▶ _What you will do_:
Restate word for word the lines between the start of the material and the line with "Первым был царственный", keeping both of those ends and none of the pictures.

▶ _Information shown_:
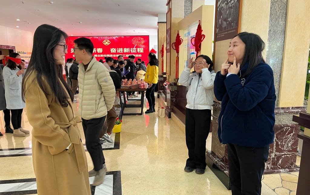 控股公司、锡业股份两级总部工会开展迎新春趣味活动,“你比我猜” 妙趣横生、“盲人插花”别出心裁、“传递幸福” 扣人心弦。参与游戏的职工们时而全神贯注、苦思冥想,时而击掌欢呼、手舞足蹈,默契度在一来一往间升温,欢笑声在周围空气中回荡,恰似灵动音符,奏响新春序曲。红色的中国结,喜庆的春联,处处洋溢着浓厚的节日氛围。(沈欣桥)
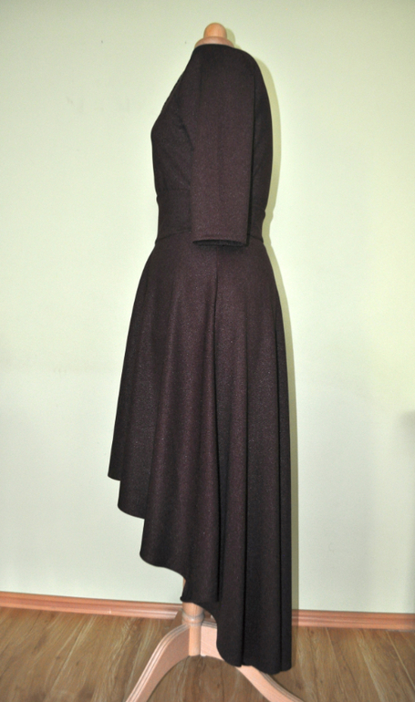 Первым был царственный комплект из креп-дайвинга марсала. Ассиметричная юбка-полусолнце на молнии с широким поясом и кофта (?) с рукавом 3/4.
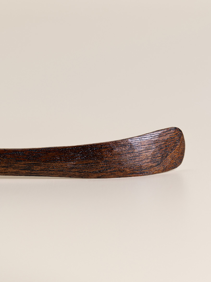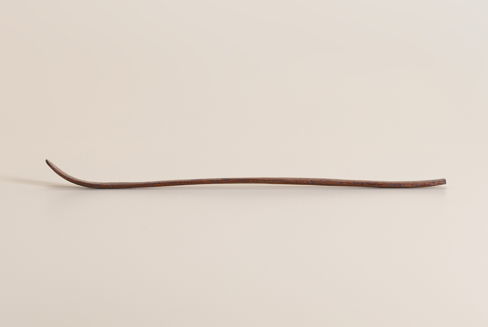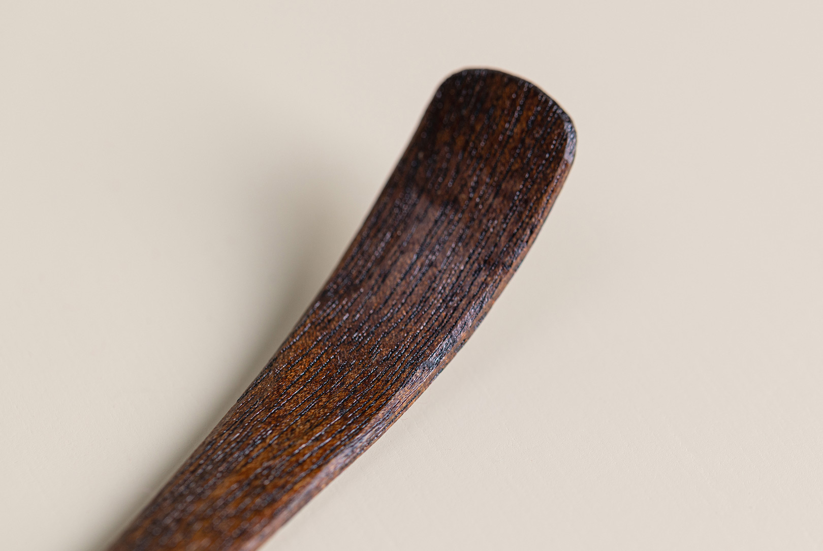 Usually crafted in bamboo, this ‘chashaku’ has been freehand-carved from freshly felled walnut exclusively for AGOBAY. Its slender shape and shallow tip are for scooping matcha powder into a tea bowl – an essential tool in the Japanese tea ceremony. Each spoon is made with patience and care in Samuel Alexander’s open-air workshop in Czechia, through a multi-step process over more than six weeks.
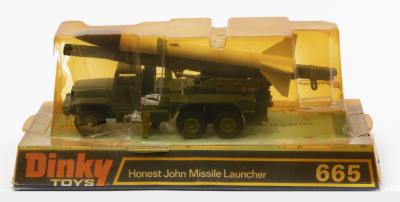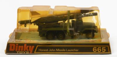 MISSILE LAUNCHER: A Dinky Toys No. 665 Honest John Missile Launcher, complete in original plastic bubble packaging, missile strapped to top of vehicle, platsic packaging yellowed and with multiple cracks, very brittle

▶ _Your solution_:
 控股公司、锡业股份两级总部工会开展迎新春趣味活动,“你比我猜” 妙趣横生、“盲人插花”别出心裁、“传递幸福” 扣人心弦。参与游戏的职工们时而全神贯注、苦思冥想,时而击掌欢呼、手舞足蹈,默契度在一来一往间升温,欢笑声在周围空气中回荡,恰似灵动音符,奏响新春序曲。红色的中国结,喜庆的春联,处处洋溢着浓厚的节日氛围。(沈欣桥)
 Первым был царственный комплект из креп-дайвинга марсала. Ассиметричная юбка-полусолнце на молнии с широким поясом и кофта (?) с рукавом 3/4.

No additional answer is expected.